Nagios scalability


#1

Hey guys, does anyone have experience using Nagios to monitor a large number of nodes?

I want to use Nagios to monitor link packet loss and I have about 2,500 links that need to be monitored. Do you think Nagios can cope with that? Using the check_icmp plugin .


#2

you won’t have a problem. once you hit 5000 or so hosts you might have to multithread or follow some other solution.
a number of large organizations use nagios. it’s hard to get scalability numbers because the number of hosts vs the number of service checks you have can have varied performance, and how often your service checks are running, and whether host checking is turned on, etc etc .

to give you an idea, we’ve got ~200 hosts and ~4500 passive service checks running at 1 min and 5 min intervals being received from various distributed nagios sites to a dualcore p4 3ghz, and its load averages ~0.25. This is nagios 2

I’ve heard of comparable hardware with a few more cores doing ~4000 hosts though.

check out
nagios.sourceforge.net/docs/3_0/tuning.html

if you have the option, set up your checks as services rather than defining 2500 hosts, and nagios will have absolutely no problem. You’ll be fine anyways though.


#3

Cool . Thanks for that.

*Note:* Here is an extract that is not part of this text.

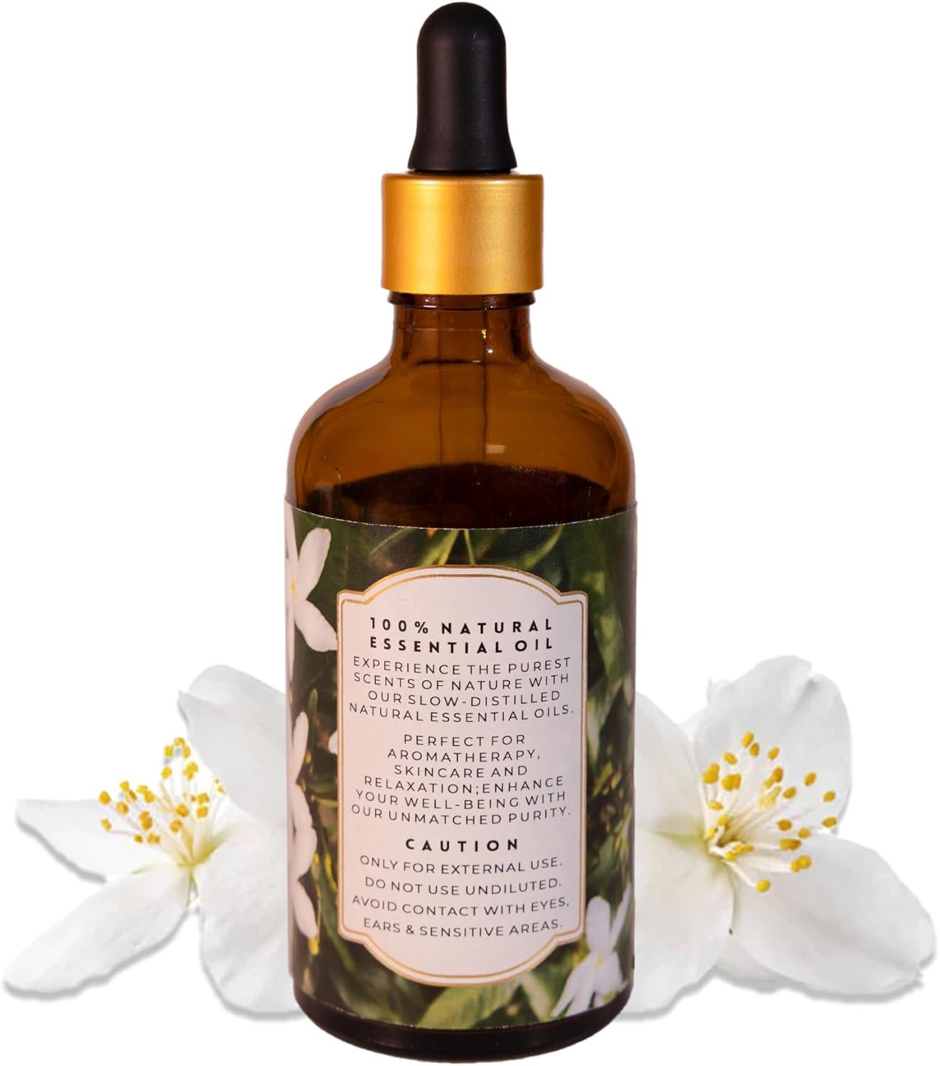Luxurious Packaging: Encased in an elegant 3.38 fl oz (100 ml) amber glass bottle, our Jasmine Essential Oil ensures longevity and purity. The amber glass protects the oil from light degradation, while the sophisticated design adds a touch of elegance to your space. The precision glass dropper allows for easy and accurate application, making it both functional and stylish.

I understand many people use Nagios however i thought that around ~2-300 hosts would be the upper limit for most normal installations.

Here we have it monitoring 50 servers which results in about 500 service checks . But i am trying to make a case for it to monitor our WAN as well, which consists of approximately 2,500 routers.

I didn’t think many companies would have or want to monitor 2,500 hosts (which would result in about 10,000 service checks). Thats why i thought i’d ask :slight_smile: